Marine Ecosystems: Coral Reefs Under Stress (9635 Section 3.3.2.5)

Hello Geographers! Welcome to the section on Marine Ecosystems. Specifically, we are diving into the vibrant but fragile world of coral reefs. This chapter is critical because it sits within the broader theme of Ecosystems under stress. You will learn how these incredible habitats function, what natural processes control them, and critically, how human actions are pushing them toward collapse. Let's make sure you know your corals from your clams!

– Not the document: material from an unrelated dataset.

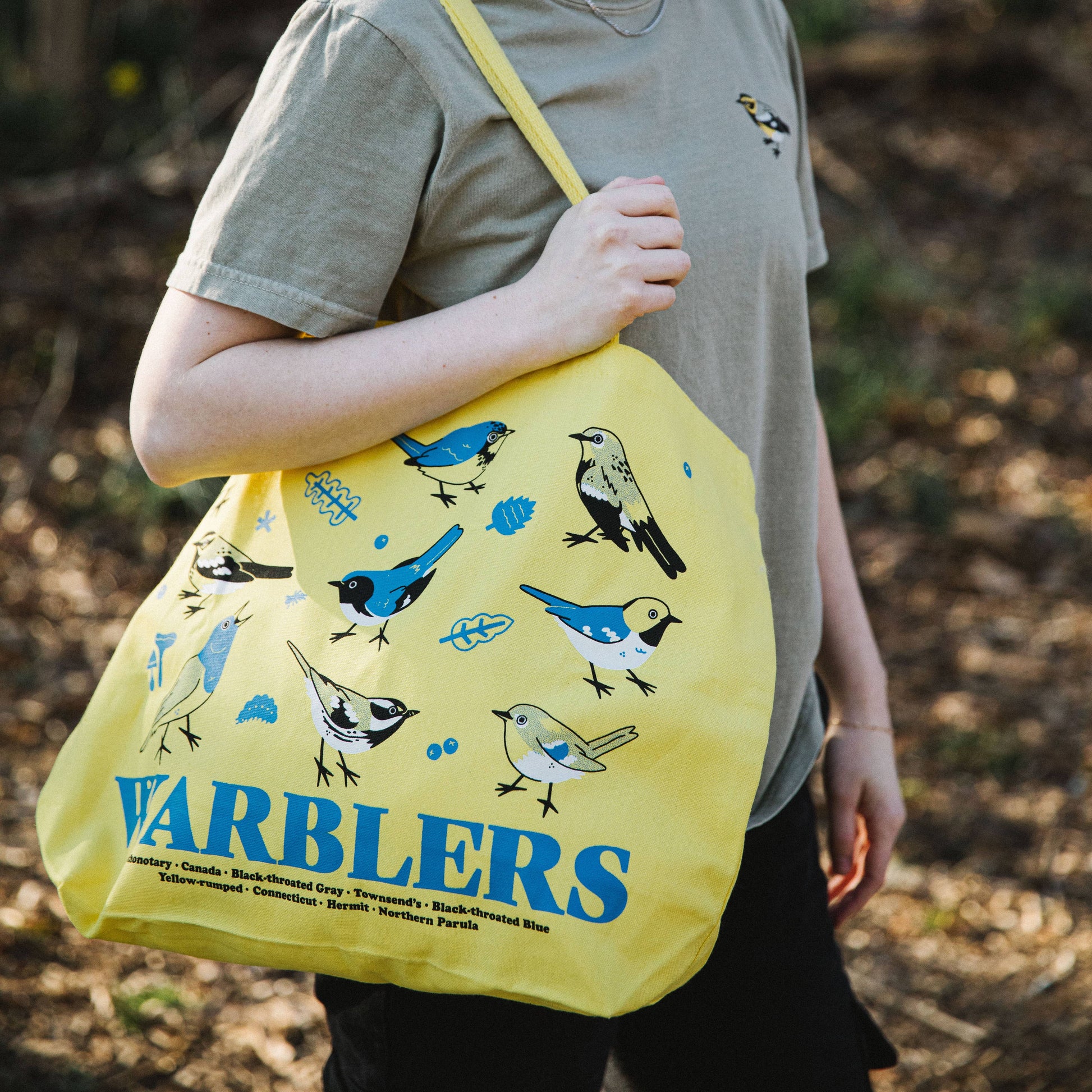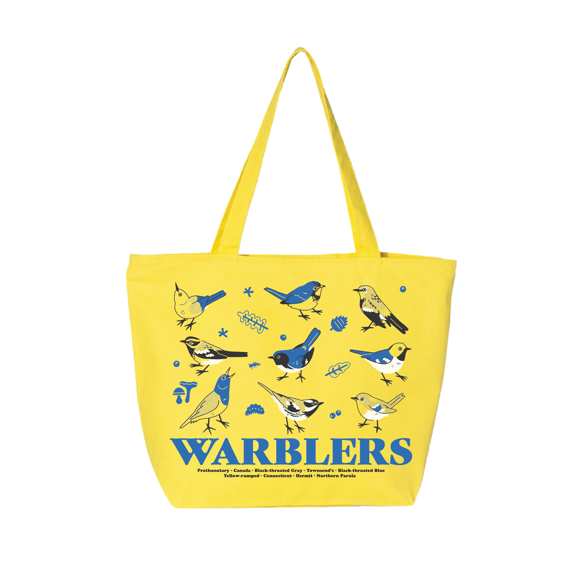 Bright and cheery, this heavyweight jumbo tote features nine charming warbler species.

1. The Coral Reef Ecosystem: Characteristics and Distribution

Coral reefs are often called the 'rainforests of the sea' because of the immense biodiversity they support. They are complex marine ecosystems built primarily by tiny animals called coral polyps.

1.1 Key Characteristics and Structure

• Structure: Corals are colonies of polyps that secrete calcium carbonate (limestone) skeletons. Over thousands of years, these skeletons build up into massive reef structures.
• Symbiotic Relationship: The key to a coral's survival is its relationship with microscopic algae called zooxanthellae. The algae live within the coral tissue, providing the coral with up to 90% of its required food through photosynthesis. In return, the coral provides the algae with a protected environment.
• Biodiversity Hotspot: Despite covering less than 0.1% of the ocean floor, coral reefs support around 25% of all marine species, acting as nurseries, feeding grounds, and shelter.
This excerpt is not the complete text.